Do companies have a core competency in selling businesses?
Let’s start with the 3rd reason first. I think we can generally agree that leading M&A transactions is typically not part of an independent laundry’s core competencies. While you may have purchased a route or two in the past, you probably haven’t had much experience as the seller. Check the box on “delegating processes which are not core competencies”.
Do M&A Advisors provide a strong return?
Let’s turn our attention to the main reason. Does using an M&A advisor deliver a strong return on investment? A good measure is the value you receive for your business. In 2016, Professor Michael B. McDonald of Fairfield University published a study titled The Value of Middle Market Investment Bankers. His objective was to identify areas where advisors add value, then use owner feedback to measure the amount of value. The study reviewed 85 businesses sold ranging from $10M to $250M in sale value. In the study, he found that in only 5% of the transactions, the final value received was lower than expectation. This is compelling. Check the box on “providing a strong return on investment”.
How do I select an Advisor who has world-class capabilities?
Let’s now turn our attention to the other key reason companies outsource. How do the best advisors consistently achieve strong valuations for their sellers? They do so through the use of world-class processes and capabilities which have been tested time and again through completed transactions. To find the best advisor, you will need to do some research.

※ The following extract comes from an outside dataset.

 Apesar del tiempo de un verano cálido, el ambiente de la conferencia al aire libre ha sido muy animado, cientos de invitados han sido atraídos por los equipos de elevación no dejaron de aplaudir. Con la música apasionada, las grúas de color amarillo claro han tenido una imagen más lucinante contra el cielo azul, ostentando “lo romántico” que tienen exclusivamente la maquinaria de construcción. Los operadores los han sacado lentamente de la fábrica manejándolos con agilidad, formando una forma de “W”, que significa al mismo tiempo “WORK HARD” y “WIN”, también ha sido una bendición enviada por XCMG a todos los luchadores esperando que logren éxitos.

Those same 85 company sellers were asked to rank services provided by their M&A advisor. For each service, I have provided questions you can ask to guide your evaluation of an advisor.
- Managing the M&A process and strategy (this was the highest ranked service)
- Ask the advisor about their experience. More specifically, have they led laundry transactions? Can they walk you through and highlight the strengths in their process?
- Negotiating the transaction
- What is the advisor’s process for obtaining bids/offers? Do they ensure multiple buyers are included to create competitive tension in the bid process? How do they help you select the final “best fit” buyer?
- Adding credibility to the seller
- Does the advisor have a deep understanding of the buyers and how best to position the strengths of your company? Do they use professional-looking materials? Will they be using a data room to provide information to buyers?
- Preparing the company for sale
- Does the advisor have an approach for determining your value, backed up with real world experience? Can they identify your company’s strengths and weaknesses and how it may impact value? Do they know what information is most critical to share? Do they make sure all aspects of the sale are adequately prepared before contacting buyers?
- Structuring the transaction
- Does the advisor have access to legal and tax advisors — with experience in the laundry industry — who can provide expert guidance on how to navigate the legal aspects of the transaction and structure the deal to minimize your risk and ensure you maximize the net proceeds from the transaction?
- Identifying and finding the buyers (this was the lowest ranked of the 6 main services provided)
- In the laundry industry, often the potential buyers are well-known. However, does the M&A advisor have specific knowledge concerning each buyer including understanding their local market presence/share, preferred customer/product mix, and whether they will be interested in your plant and employees post-close?
If you do the proper diligence, you should find an advisor who will allow you to check the box on “gaining access to world class capabilities”.
Although owners often consider selling their company themselves, there is overwhelming evidence supporting the use of an M&A advisor for transactions on both the buy-side and sell-side. My advice to owners is to reach out to an advisor first before making that decision. These calls should be complimentary and can help the owner gauge whether the value is there. Ultimately though, every business owner needs to make the decision which is best for their situation.